Crime Novel by Convicted Murderer Wins Award

January 17, 2014

Cuts Through Bone by Alaric Hunt won the Private Eye Writers of America $10,000 and publishing contract prize. Hunt, a convicted murderer and arsonist serving a life sentence since the late 1980’s, submitted the manuscript to the contest run by Minotaur Books (an imprint of St. Martin’s Press). When editor Toni Kirkpatrick phoned the number Hunt provided to inform him of his win, she was told he was “in an institution… indefinitely.” Andrew Martin, his publisher, told The New York Times, “he’s allowed to write. He’s allowed to submit. No one said he’s not allowed to publish. He’s not writing a memoir of the crimes and trying to make money off that.”

In 1988, Hunt and his brother plead guilty to charges of murder and arson when student Joyce Austin died of smoke inhalation resulting from fires they set in an attempt to cover up a jewelry store robbery. Of his crime, Hunt said, “What haunts me is not seeing beyond what I wanted and casually risking. That’s the act that defines me; That’s the act that defines me; something I didn’t do, but failed to do: consider. I killed Joyce Austin, and I killed my brother and myself. There’s a hole there that can’t ever fill up.”

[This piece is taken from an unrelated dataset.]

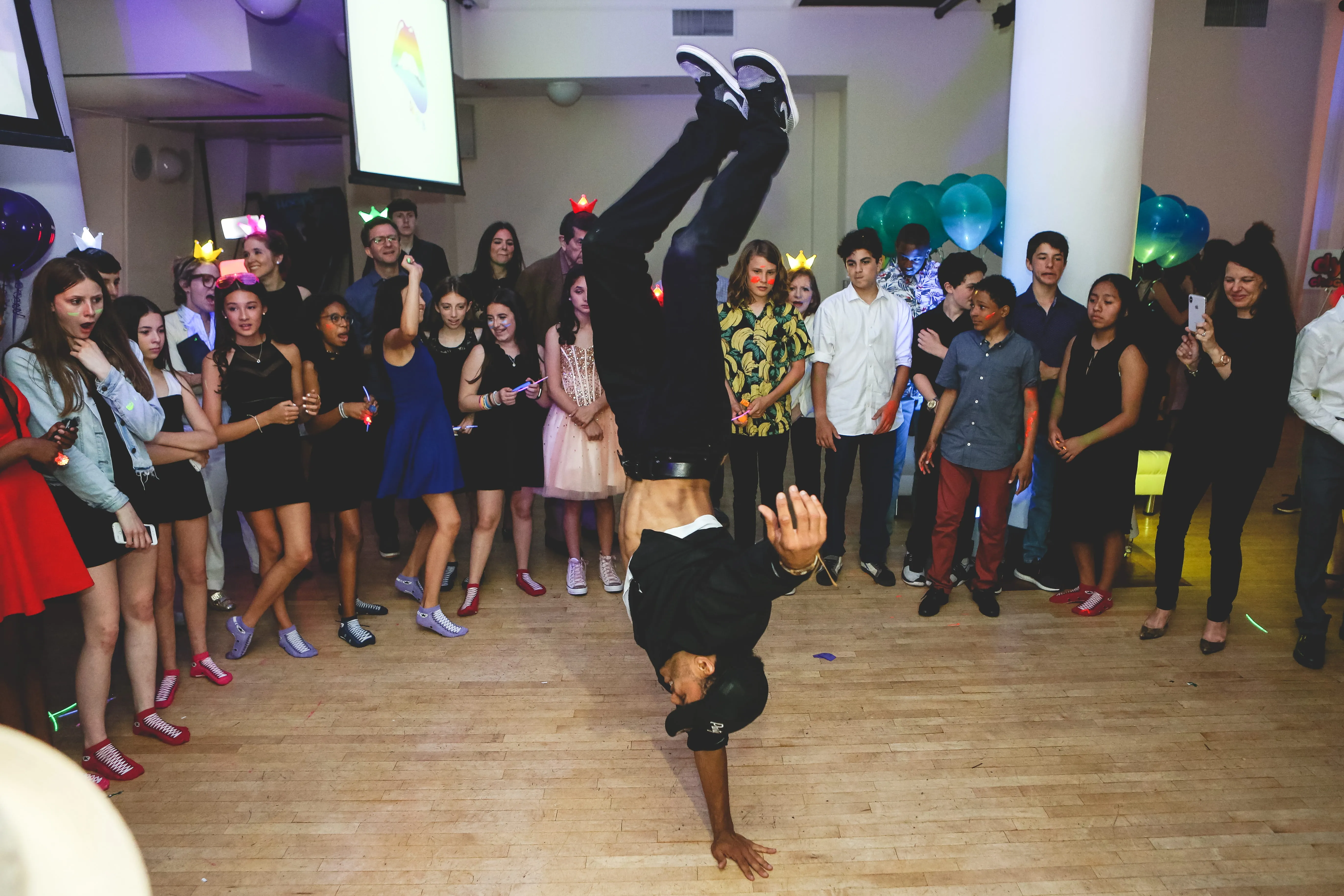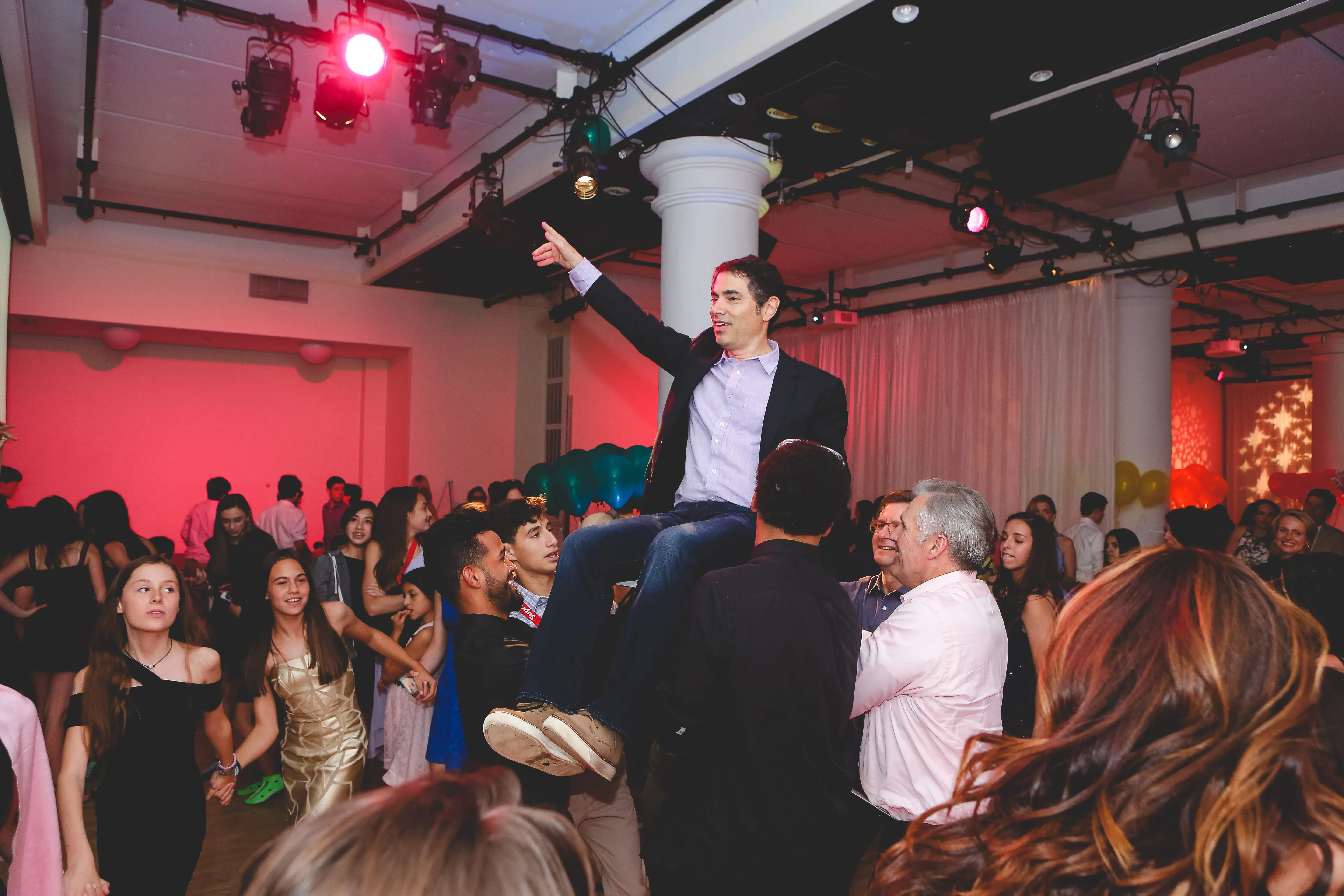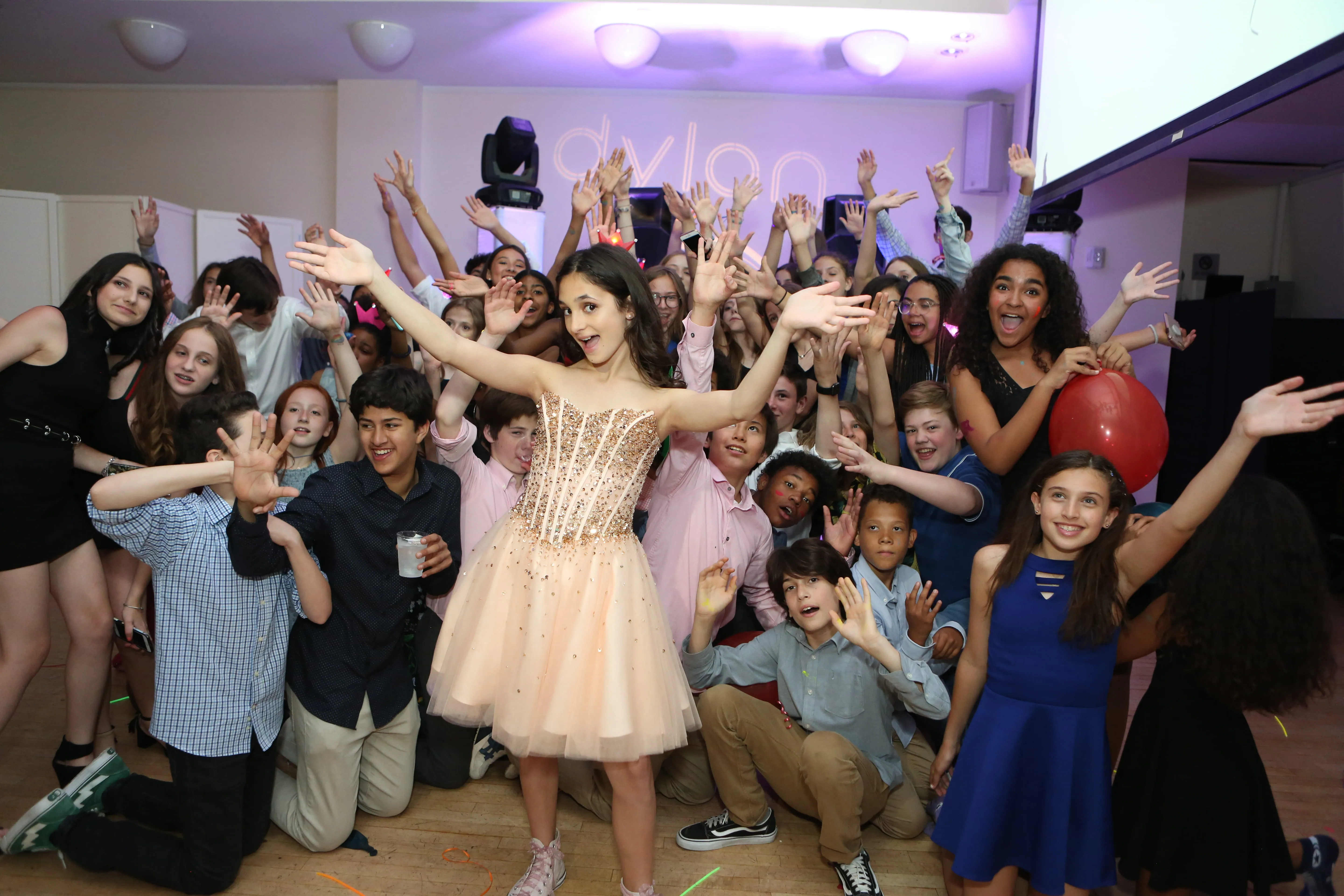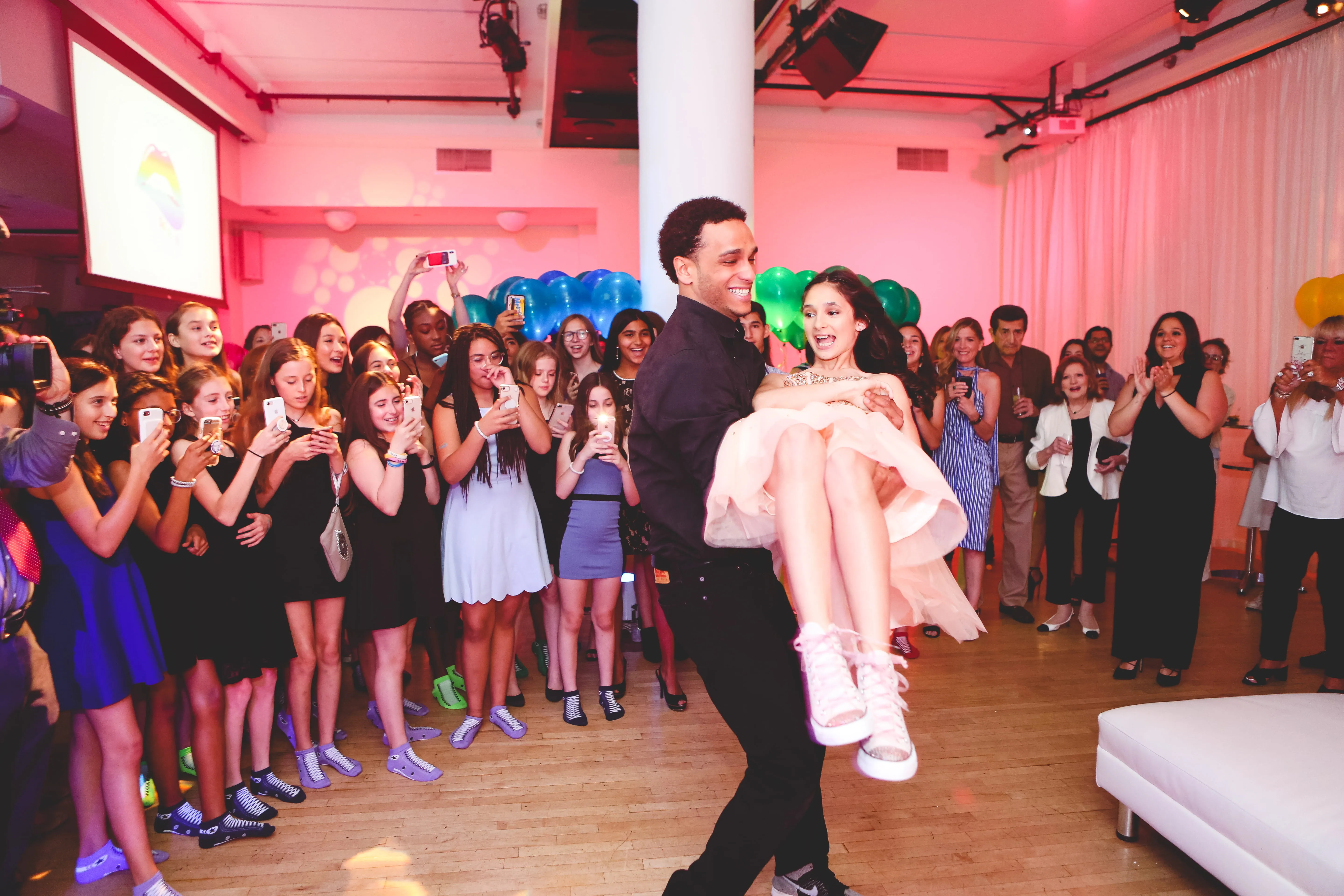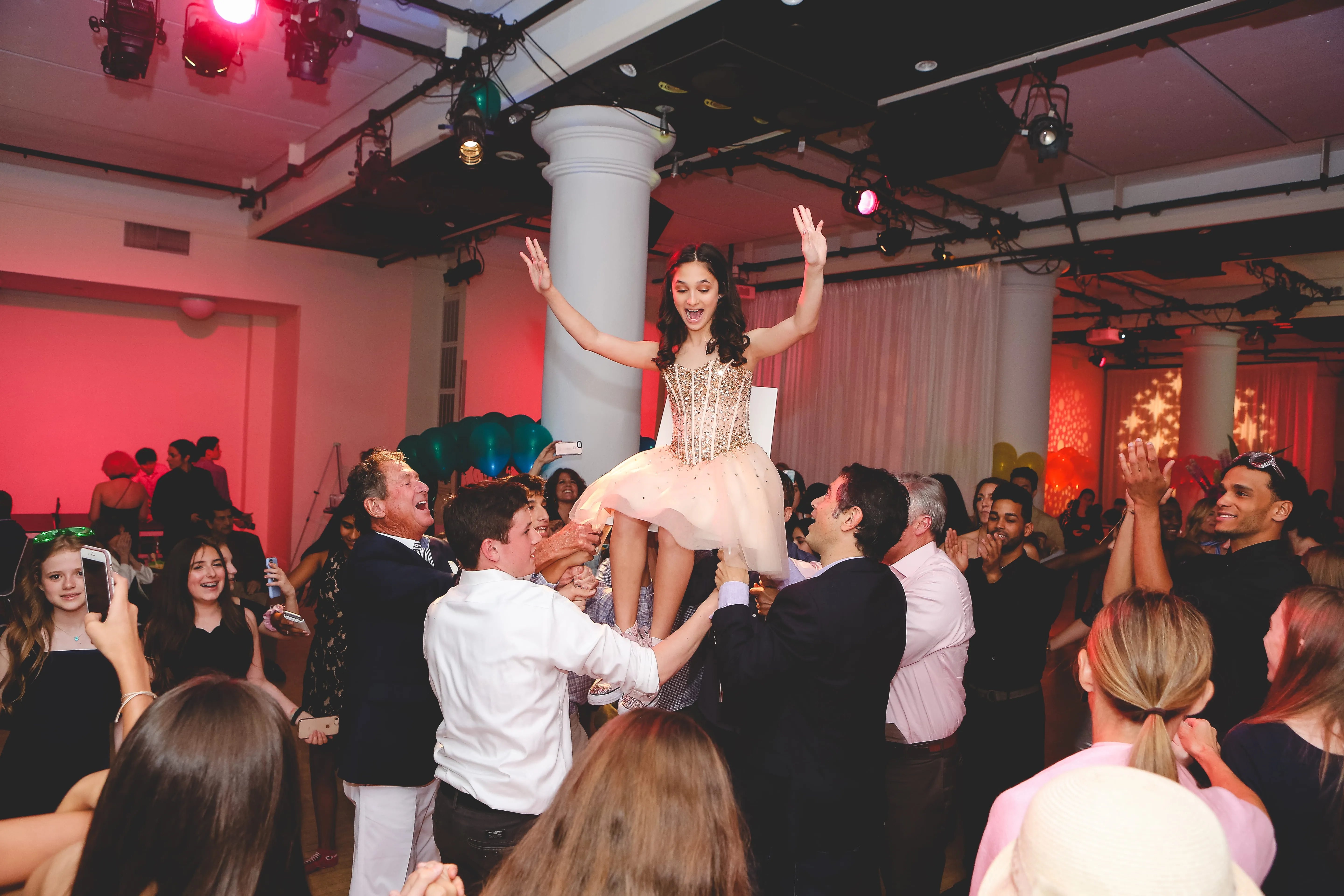When Rob Hines Entertainment took on this bat mitzvah project, the goal was to transform a traditional theater space into a vibrant party atmosphere. Utilizing dynamic lighting techniques, they completely morphed the venue into the pink color scheme Dylan envisioned, while also creating a seamless transition between the cocktail hour and reception. This setup allowed parents and kids to enjoy their separate spaces effectively. Rob Hines Entertainment managed to bring in a skilled magician to entertain guests during the cocktail hour and arranged for spectacular party motivators (break dancers) to perform right after the candle ceremony. The horah was a massive success, as were all the interactive games, with one lucky attendee winning Beats headphones for best dance moves!

Hunt wrote the first draft of the novel in five months longhand. According to journalist Sara Weinman, “He assembled the other elements of his novel from piecemeal glances of the outside world. He took cues for his version of New York, for example, from Law and Order episodes; a photocopy of a 1916 map of the boroughs; Berenice Abbott’s Changing New York; and novels he read set in the city.” Reviews of the book have been mixed. Publishers Weekly, unimpressed by the book, wrote that its “overblown prose… doesn’t help an unremarkable plot.” The book was published last May.